---- Given data

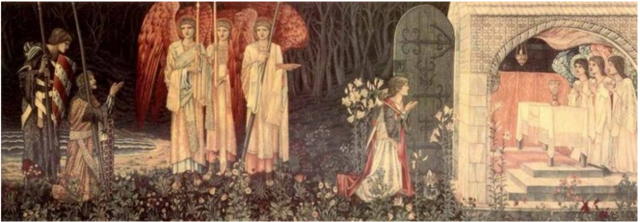
« Vision of the Holy Grail » (1890) par William Morris

Morris opposait ainsi les mérites de l'artisanat, de la belle œuvre, du travail bien fait, à la laideur industrielle et à l'abrutissement du travail en usine. En plus d'être l'inspirateur de la fantasy et de prendre part au courant de peinture pré-Raphaélite qui sera une influence durable pour l'illustration, il fut ainsi le promoteur du mouvement Arts and Crafts de renaissance des arts décoratifs et un pionnier de la préservation du patrimoine.
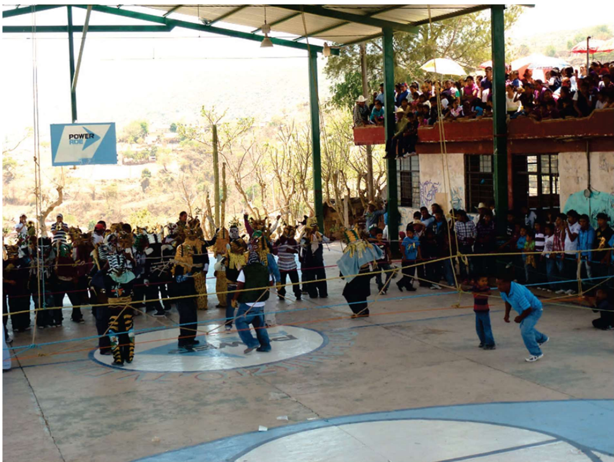
Terrain de basket-ball où se déroulent les combats – Pochahuisco, 25 avril 2012

Sur les gradins, des spectateurs, essentiellement des femmes, se sont installés tandis que de nombreux enfants ont pris place sur les balcons environnants et sur un toit qui domine un côté de la cancha (terrain de basket) [photo ci-après].
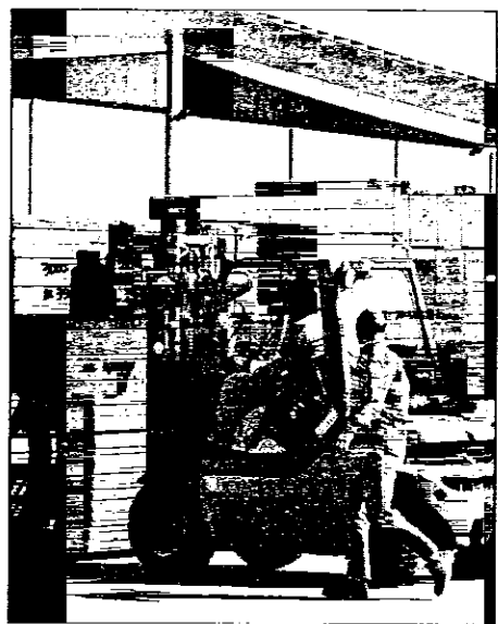
La società 'Lugo Terminal' ha previsto investimenti per 4 milioni di euro al Centro merci
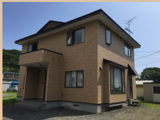
桜丘ハウス(男性定員5名)
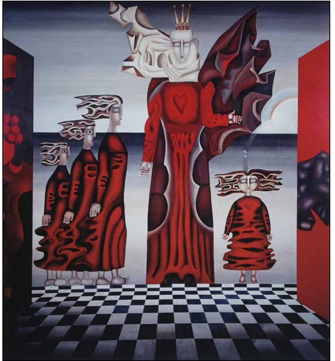
Eglė – žalčių karalienė. Dail. B.Žilytės ir A.Steponavičiaus sienų tapyba buvusioje sanatorijoje „Pušėlė“ Valkininkuose (atkurta skaitmeniniu būdu)
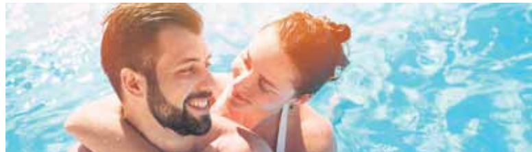
Ein privater Pool ist mit Komplettssystemen schnell installiert. Er sorgt an heißen Sommertagen für viel Freizeitspaß – und sollte rechtzeitig geplant werden.

- Wer ein Schwimmbecken plant, hat mehrere Möglichkeiten, die Badesaison energiesparend und damit umweltfreundlich zu verlängern: 1. Eine Poolüberdachung hält das Wasser auch dann angenehm warm, wenn keine sommerlichen Außentemperaturen herrschen. 2. Um den Pool an kühlen Tagen nutzen zu können, ist eine Wärmepumpe die perfekte Ergänzung. 3. Am umweltfreundlichsten sorgt eine Solarheizung für die Wassererwärmung.
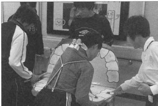
写真4 模型を使って歯垢を取り除く練習

給食後の歯みがきでは、まず自分で歯をみがいた後、担任のところへ歯ブラシを持っていき、仕上げみがきをお願いする児童の姿が見られるようになってきている。
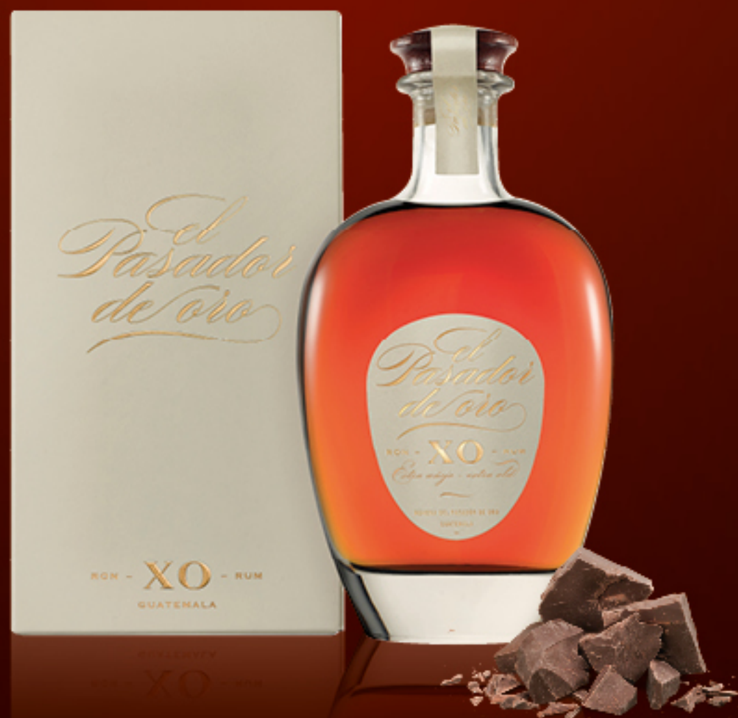
EL PASADOR DE ORO RUM XO CL 70

--------

**What you should do**: Write out an exact copy of the lines beginning at the line that contains "La società 'Lugo" and ending at the last line of the listing. Exclude pictures.

**Exercise response**:
La società 'Lugo Terminal' ha previsto investimenti per 4 milioni di euro al Centro merci
桜丘ハウス(男性定員5名)
Eglė – žalčių karalienė. Dail. B.Žilytės ir A.Steponavičiaus sienų tapyba buvusioje sanatorijoje „Pušėlė“ Valkininkuose (atkurta skaitmeniniu būdu)
Ein privater Pool ist mit Komplettssystemen schnell installiert. Er sorgt an heißen Sommertagen für viel Freizeitspaß – und sollte rechtzeitig geplant werden.

- Wer ein Schwimmbecken plant, hat mehrere Möglichkeiten, die Badesaison energiesparend und damit umweltfreundlich zu verlängern: 1. Eine Poolüberdachung hält das Wasser auch dann angenehm warm, wenn keine sommerlichen Außentemperaturen herrschen. 2. Um den Pool an kühlen Tagen nutzen zu können, ist eine Wärmepumpe die perfekte Ergänzung. 3. Am umweltfreundlichsten sorgt eine Solarheizung für die Wassererwärmung.
写真4 模型を使って歯垢を取り除く練習

給食後の歯みがきでは、まず自分で歯をみがいた後、担任のところへ歯ブラシを持っていき、仕上げみがきをお願いする児童の姿が見られるようになってきている。
EL PASADOR DE ORO RUM XO CL 70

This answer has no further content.